東京五輪サーフィン女子日本代表に選ばれた 都筑 有夢路さん 鵠沼海岸在住 20歳
自分を信じてここにいる
○…「口数が少ない」「おてんば」「運動神経はいい」。幼少時代を振り返った母の評だ。言葉に出さずとも己の信念に従って努力し、未踏の領域に足を踏み入れる。その片鱗が垣間見える。沼から巣立った20歳の新星は、夢の実現に向けて大きく前進した。目指すべき景色は見えている。表彰台の頂上、胸に輝くのは金色のメダルだ。

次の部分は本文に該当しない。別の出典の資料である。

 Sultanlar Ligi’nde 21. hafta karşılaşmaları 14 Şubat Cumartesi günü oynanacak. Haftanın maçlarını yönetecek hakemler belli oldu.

○…15歳でプロ転向。19年9月にスペインの国際大会で優勝する快挙を達成し、世間を驚かせた。同年11月には台湾で開かれた大会も制覇し、18歳以下の世界一に。現在は日本人女子としては唯一、プロ最高峰のチャンピオンシップツアー(CT)に参戦している。アマ時代はタイトルなど一つもない。世界を主戦場にしてからも成績が伸び悩み、苦しんだ時期もある。だが、どんな苦境でも自分を信じた。「それが今、ここにいる理由かな」。努力の数が自信をつけてくれると、今は知っている。

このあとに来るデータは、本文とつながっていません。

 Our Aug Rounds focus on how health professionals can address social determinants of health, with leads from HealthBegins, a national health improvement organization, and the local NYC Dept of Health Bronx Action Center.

○…沼ローカルの間では「あむちゃん」の愛称で親しまれる。小学4年生までクラシックバレエに打ち込んだが、父と兄の影響でサーフィンを始め、自宅から徒歩5分の海に通い詰めた。CTサーファーとなった今も心のホームは慣れ親しんだ海だ。「海外に行くと沼が恋しくて。帰ってくるとすごく落ち着く」。そう語る表情にあどけなさがのぞく。

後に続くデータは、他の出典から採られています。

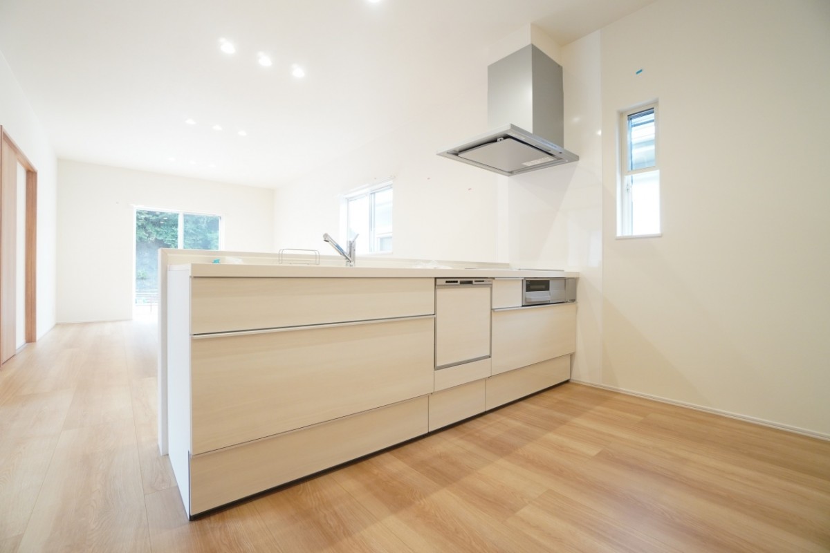 家族とコミュニケーションがとりやすいオープンキッチン。お子様の様子を見ながら家事をしていただけます。

○…五輪開催を巡ってはほとんどの会場で無観客開催が決まったが、「大人のことはよく分からない」。やるべきことは自分のパフォーマンスをするだけ。目の前の試合に集中するだけだ。五輪はサーフィンという競技の裾野を広げる絶好の機会でもある。「活躍すれば知ってもらえるきっかけになる。そうなれるようがんばりたい」。一際言葉に力がこもった。